* _WHAT YOU NEED TO DO_: In the records below, find the line with "This Detroit Tigers" and the line with "Peel and stick"; return exactly those lines and every line between them.

* _RECORDS SUPPLIED_:
──────────

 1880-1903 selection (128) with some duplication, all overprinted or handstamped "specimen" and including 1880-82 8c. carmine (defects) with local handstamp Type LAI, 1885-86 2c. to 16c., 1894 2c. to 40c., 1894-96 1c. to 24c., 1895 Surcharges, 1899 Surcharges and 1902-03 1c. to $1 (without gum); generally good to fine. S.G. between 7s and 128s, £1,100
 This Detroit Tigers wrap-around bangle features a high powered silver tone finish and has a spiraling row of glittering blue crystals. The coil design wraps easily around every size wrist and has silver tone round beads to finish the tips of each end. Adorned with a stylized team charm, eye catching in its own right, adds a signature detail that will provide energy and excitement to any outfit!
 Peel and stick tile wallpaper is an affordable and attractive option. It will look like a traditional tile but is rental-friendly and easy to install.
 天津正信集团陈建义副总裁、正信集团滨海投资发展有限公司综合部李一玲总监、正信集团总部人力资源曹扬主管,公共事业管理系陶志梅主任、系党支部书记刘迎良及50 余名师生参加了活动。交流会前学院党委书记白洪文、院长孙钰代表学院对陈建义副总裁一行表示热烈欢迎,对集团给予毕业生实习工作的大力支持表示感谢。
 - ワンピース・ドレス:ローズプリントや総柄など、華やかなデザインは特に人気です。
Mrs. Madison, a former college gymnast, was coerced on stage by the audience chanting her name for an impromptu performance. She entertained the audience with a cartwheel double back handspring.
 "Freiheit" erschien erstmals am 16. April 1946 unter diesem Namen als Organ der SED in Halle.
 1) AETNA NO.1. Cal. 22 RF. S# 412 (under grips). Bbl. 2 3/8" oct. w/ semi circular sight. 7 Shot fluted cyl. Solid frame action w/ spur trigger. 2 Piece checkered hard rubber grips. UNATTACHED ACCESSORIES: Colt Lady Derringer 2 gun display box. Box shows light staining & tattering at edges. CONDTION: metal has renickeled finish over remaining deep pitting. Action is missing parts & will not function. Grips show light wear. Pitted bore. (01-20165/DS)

──────────

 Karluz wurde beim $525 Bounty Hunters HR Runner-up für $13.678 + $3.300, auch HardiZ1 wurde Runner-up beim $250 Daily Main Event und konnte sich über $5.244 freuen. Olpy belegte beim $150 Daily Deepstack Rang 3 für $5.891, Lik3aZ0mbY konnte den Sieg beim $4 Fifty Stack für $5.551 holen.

──────────

* _COMPLETED TASK_:
 This Detroit Tigers wrap-around bangle features a high powered silver tone finish and has a spiraling row of glittering blue crystals. The coil design wraps easily around every size wrist and has silver tone round beads to finish the tips of each end. Adorned with a stylized team charm, eye catching in its own right, adds a signature detail that will provide energy and excitement to any outfit!
 Peel and stick tile wallpaper is an affordable and attractive option. It will look like a traditional tile but is rental-friendly and easy to install.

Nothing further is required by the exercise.